Authors: Ramanathan P, Turner HA, Stevens MC
Title: Intensive cognitive rehabilitation therapy for chronic traumatic brain injury: a case study of neural correlates of functional improvement
Source: Aphasiology 2019 33(3): 289-319
Year: 2019
Research Design: Single Case Design

Background: Some four million Americans are living with chronic disability related to traumatic brain injury (TBI). Yet, very little research has investigated training-induced neuroplasticity over many hours of treatment well into the chronic stage for the most commonly impaired functions (attention, executive functions (EFs), and prospective memory (PM)).Aims: The purpose of the present study was to investigate whether a 30-h course of intensive evidence-based treatments of attention, EFs, and PM would show behavioural gains and associated brain structural and/or functional changes in an individual well into the chronic phase of recovery from TBI.Methods & Procedures: An A-B single-participant quasi-experimental design with 1 month post-treatment follow-up was employed for cognitive rehabilitation of a 54-year-old man, 7.5 years after severe TBI. After an initial 4-week pre-treatment baseline phase, 30 hours of therapy was provided over 3 weeks, targeting attention, PM, and EFs, with follow-up testing at 1-month post-treatment.
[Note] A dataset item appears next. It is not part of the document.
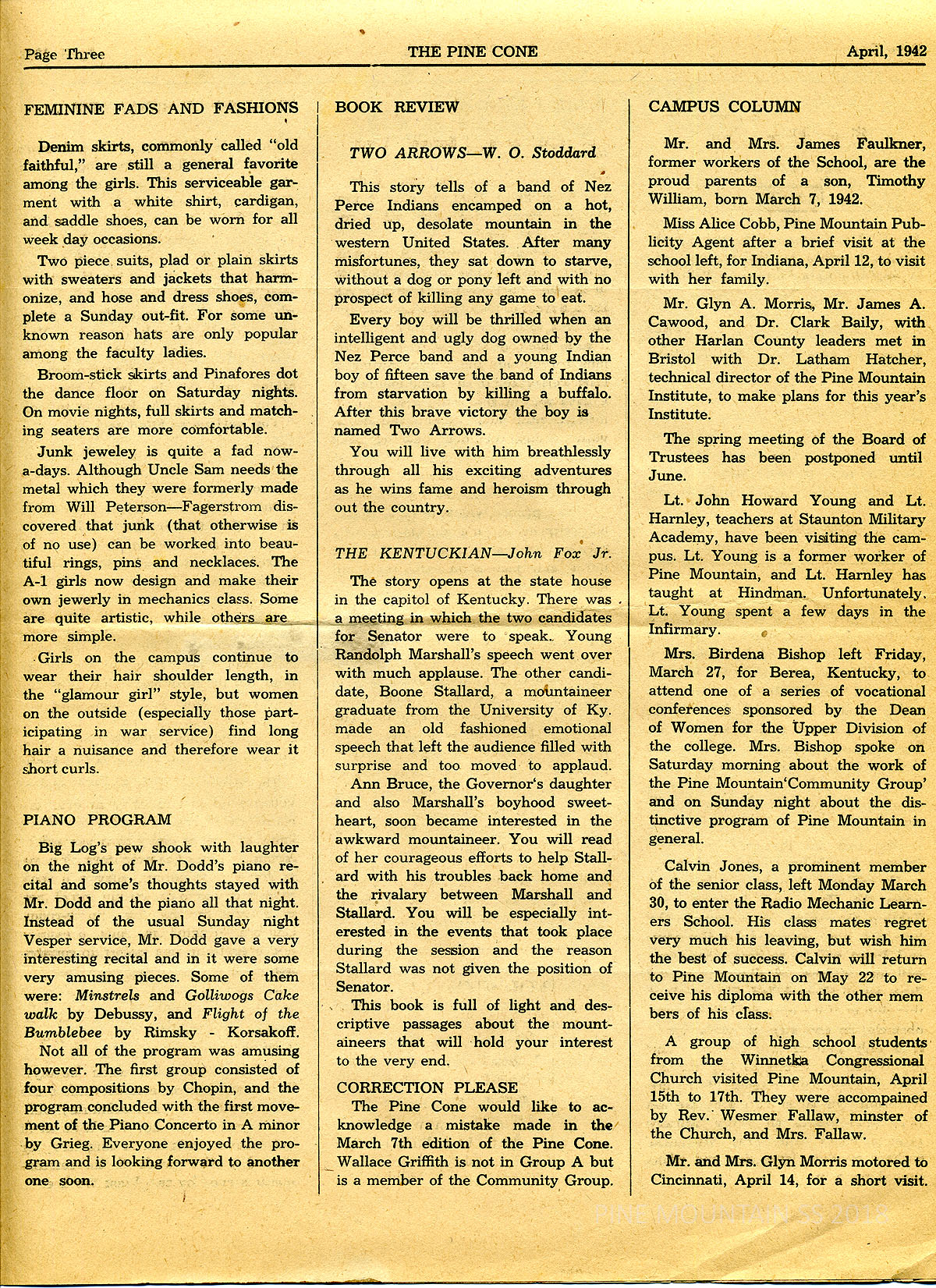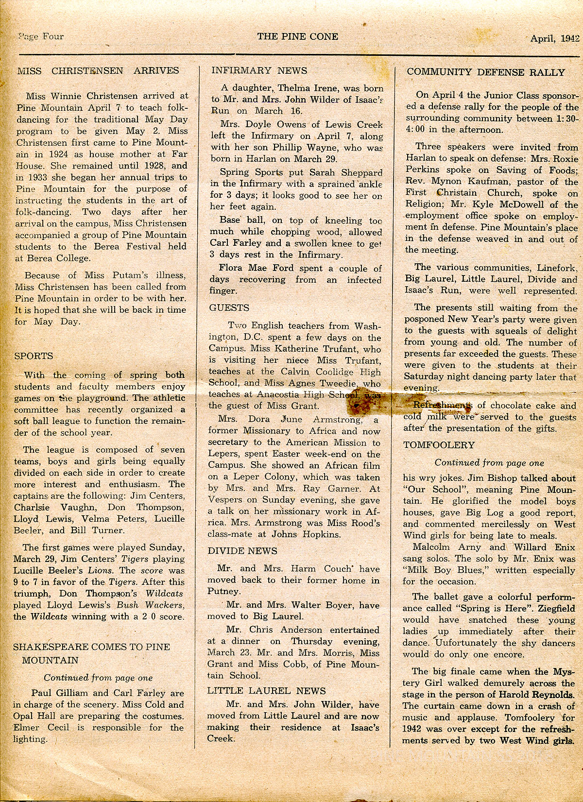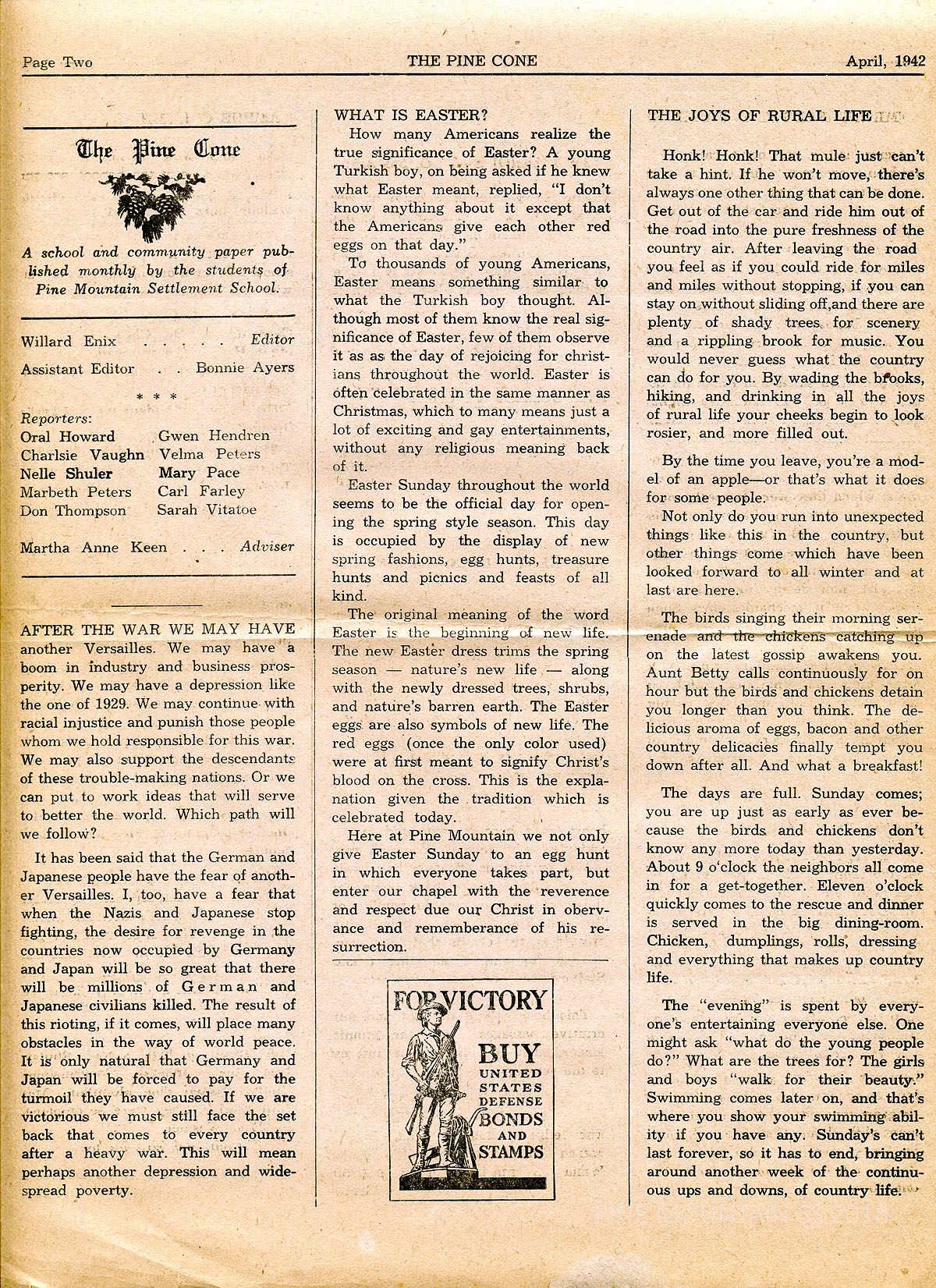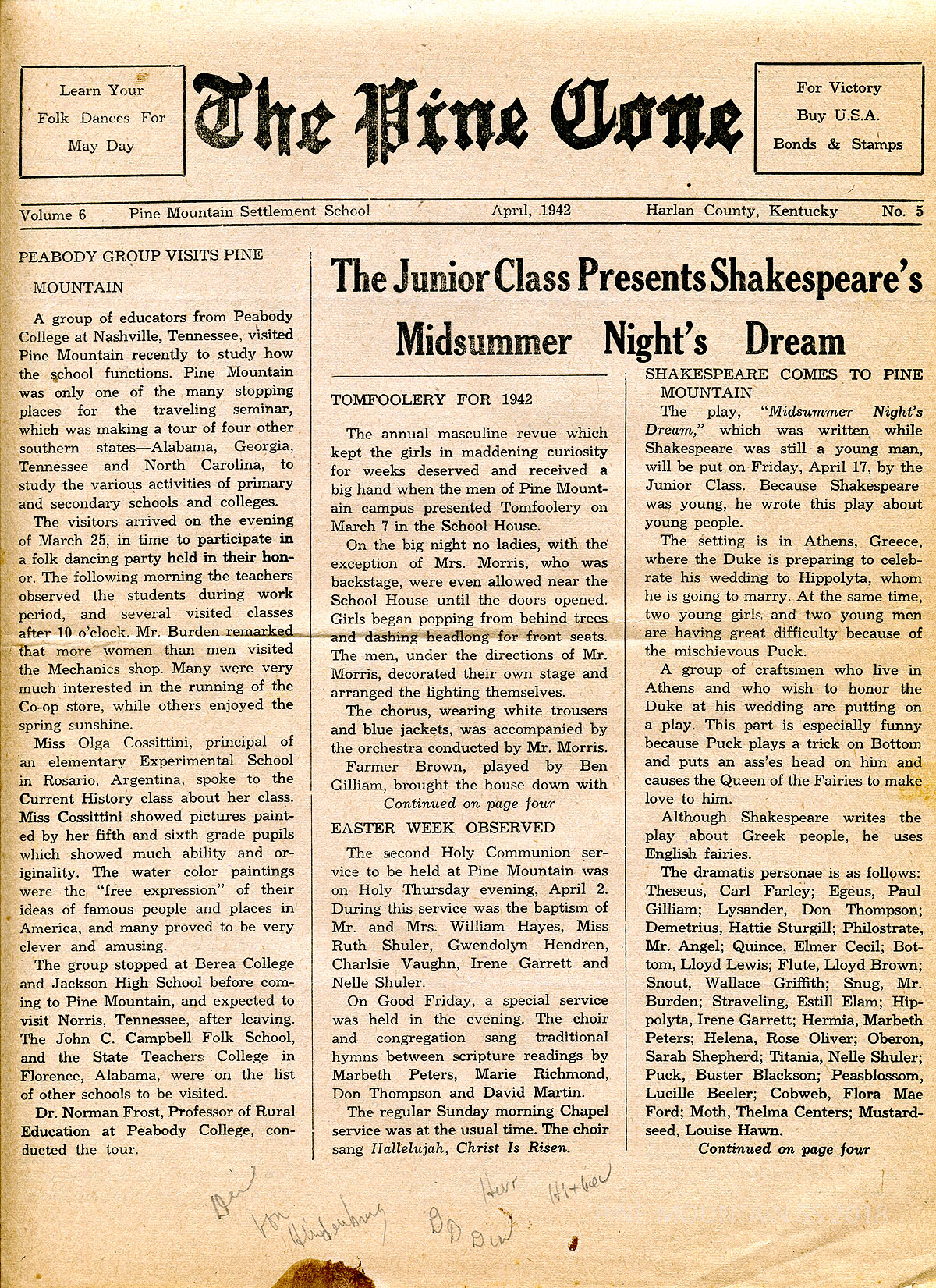 THE PINE CONE – “A school and community paper published monthly by the students of Pine Mountain Settlement School.”

Treatments (selected from evidence-based practice guidelines) consisted of attention process training, metacognitive strategy instruction, and PM training. Neuroimaging (auditory oddball paradigm, resting state, and diffusion tensor imaging) was conducted weekly from the end of the A-phase, through the end of the B-phase, and then at 1-month follow-up.Outcomes & Results: Results demonstrated gains to behavioural and quality of life measures for attention and EFs, with evidence of associated structural and functional neuroplasticity. There was no evidence of change to PM skills.Conclusions: Intensive evidence-based treatment of attention and EFs improved functioning and quality of life in an individual well into the chronic phase of TBI, and may be associated with structural and functional neuroplasticity.